» Work to complete:
Your answer must be an exact copy of the records below, with every picture left out.

********************

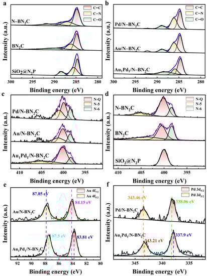 C 1s (a,b), and N 1s (c,d) XPS spectra of SiO2@N2P, BN2C, N-BN2C, Au/N-BN2C, Pd/N-BN2C, and Au1Pd1/N-BN2C. Au 4f (e) and Pd 3d (f) XPS spectra of Au/N-BN2C, Pd/N-BN2C, and Au1Pd1/N-BN2C.
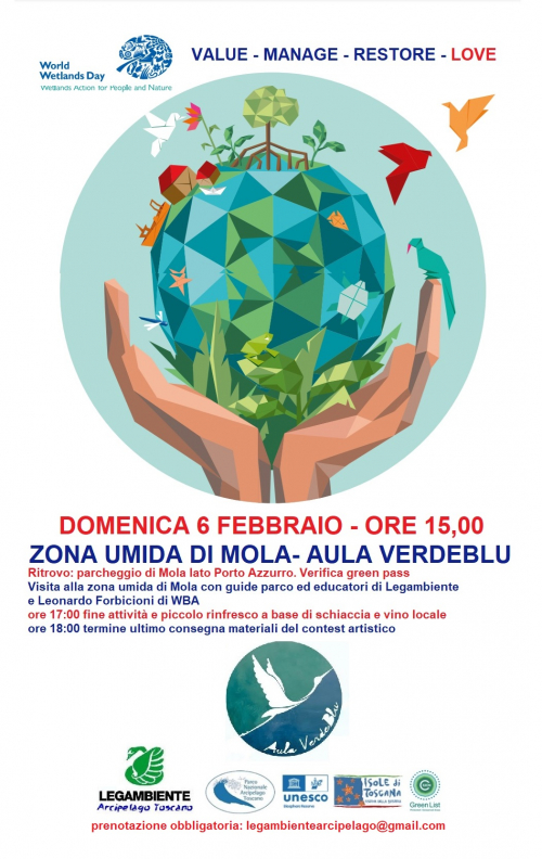 Ore 15:00 ritrovo presso il parcheggio di Mola lato Porto Azzurro, verifica green pass, partenza a piccoli gruppi per la visita alla zona umida di mola attraverso varie stazioni in cui guide parco ed educatori di Legambiente proporranno attività di interpretazione ambientale, adatte ad adulti e bambini, che permetteranno a tutti di apprezzare l’importanza delle zone umide in generale ed in particolare di quella di Mola. All’Aula VerdeBlu sarà presente anche Leonardo Forbicioni esperto entomologo, vicepresidente di WBA (World Biodiversity Association) e curatore del NatLab di Forte Inglese Portoferraio.
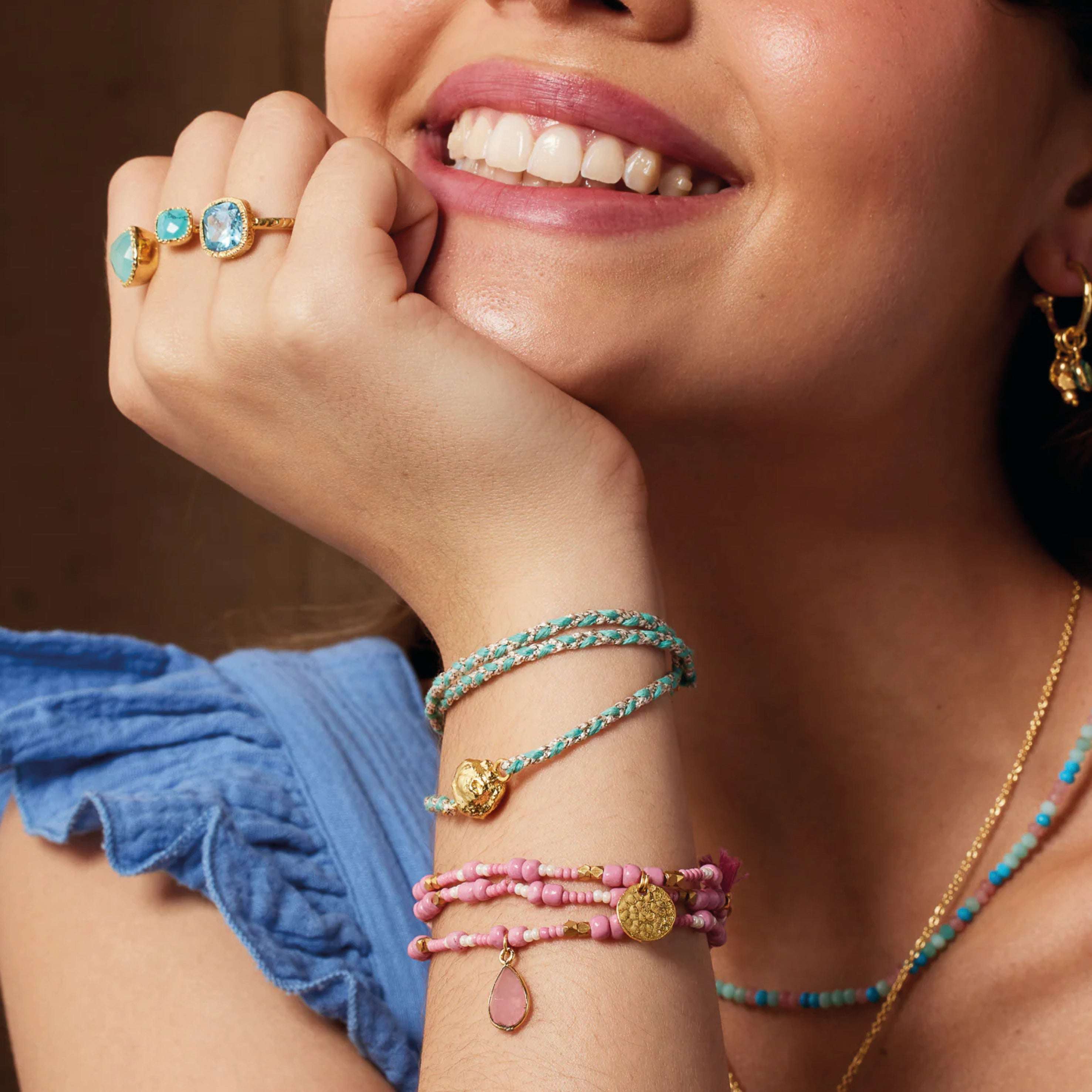 Add a touch of charm to your wardrobe with the Ashiana London Pink Luana Bracelet. This lovely set of three bracelets dazzles with its 22 carat gold plated brass, ensuring a luxurious shimmer. Each piece beautifully incorporates a semi-precious pink jade drop stone, merging ancient elegance with modern style.
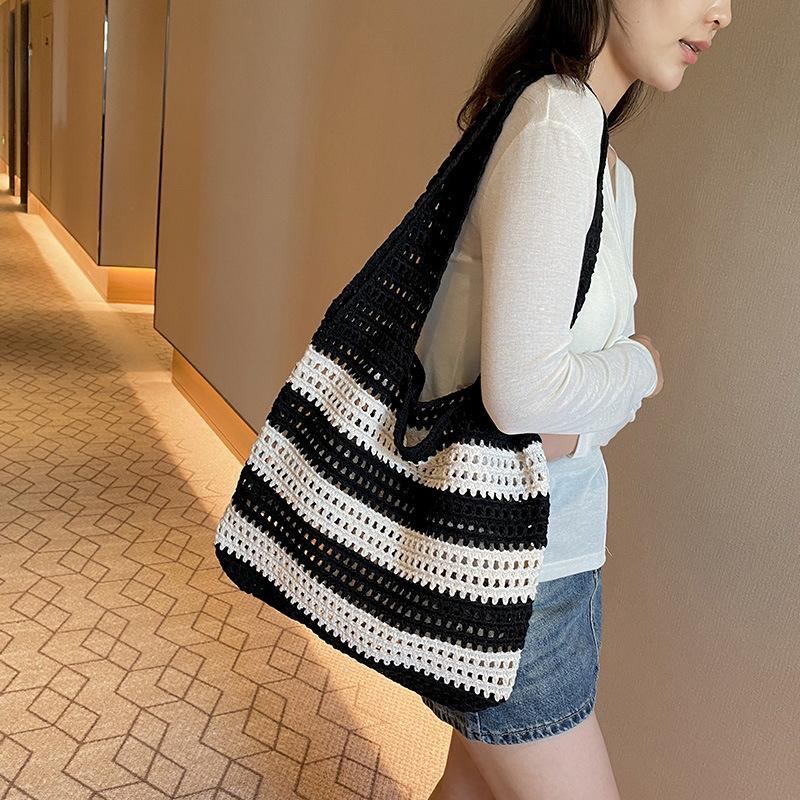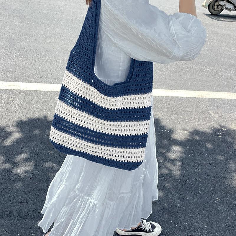 Пляжная вязаная сумка ручной работы для женщин, легкая вязаная сумка-тоут, летняя сумка для покупок, дорожная сумка через плечо
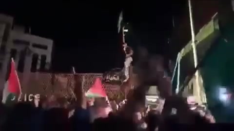 The Palestinian flags and Hamas's was raised on the wall of the US embassy by supporters of Hezbollah.
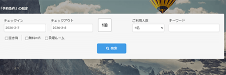 部屋タイプ別予約・人数指定検索・空室自動管理・スマホ対応まで、宿泊施設運営に必要な機能をすべて標準搭載。
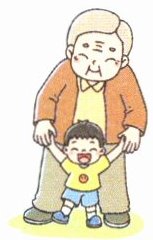 When John was a baby boy, Grandpa helped him learn to walk. "Hold on to my hands, John," said Grandpa. "Now one foot, now the other."
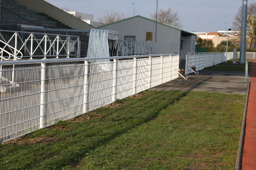 Main courante de stade remplissage panneaux rigides ainsi que 2 portails deux vantaux de meme hauteur ( 2.5 x 1m10 hauteur) pour 101 ml
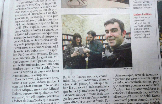crònica de Llúcia Ramis a la presentació de Lladres de Joan Todó a la llibreria Calders el 23 de febrer de 2016:

********************

» Result for this exercise:
 C 1s (a,b), and N 1s (c,d) XPS spectra of SiO2@N2P, BN2C, N-BN2C, Au/N-BN2C, Pd/N-BN2C, and Au1Pd1/N-BN2C. Au 4f (e) and Pd 3d (f) XPS spectra of Au/N-BN2C, Pd/N-BN2C, and Au1Pd1/N-BN2C.
 Ore 15:00 ritrovo presso il parcheggio di Mola lato Porto Azzurro, verifica green pass, partenza a piccoli gruppi per la visita alla zona umida di mola attraverso varie stazioni in cui guide parco ed educatori di Legambiente proporranno attività di interpretazione ambientale, adatte ad adulti e bambini, che permetteranno a tutti di apprezzare l’importanza delle zone umide in generale ed in particolare di quella di Mola. All’Aula VerdeBlu sarà presente anche Leonardo Forbicioni esperto entomologo, vicepresidente di WBA (World Biodiversity Association) e curatore del NatLab di Forte Inglese Portoferraio.
 Add a touch of charm to your wardrobe with the Ashiana London Pink Luana Bracelet. This lovely set of three bracelets dazzles with its 22 carat gold plated brass, ensuring a luxurious shimmer. Each piece beautifully incorporates a semi-precious pink jade drop stone, merging ancient elegance with modern style.
 Пляжная вязаная сумка ручной работы для женщин, легкая вязаная сумка-тоут, летняя сумка для покупок, дорожная сумка через плечо
 The Palestinian flags and Hamas's was raised on the wall of the US embassy by supporters of Hezbollah.
 部屋タイプ別予約・人数指定検索・空室自動管理・スマホ対応まで、宿泊施設運営に必要な機能をすべて標準搭載。
 When John was a baby boy, Grandpa helped him learn to walk. "Hold on to my hands, John," said Grandpa. "Now one foot, now the other."
 Main courante de stade remplissage panneaux rigides ainsi que 2 portails deux vantaux de meme hauteur ( 2.5 x 1m10 hauteur) pour 101 ml
crònica de Llúcia Ramis a la presentació de Lladres de Joan Todó a la llibreria Calders el 23 de febrer de 2016:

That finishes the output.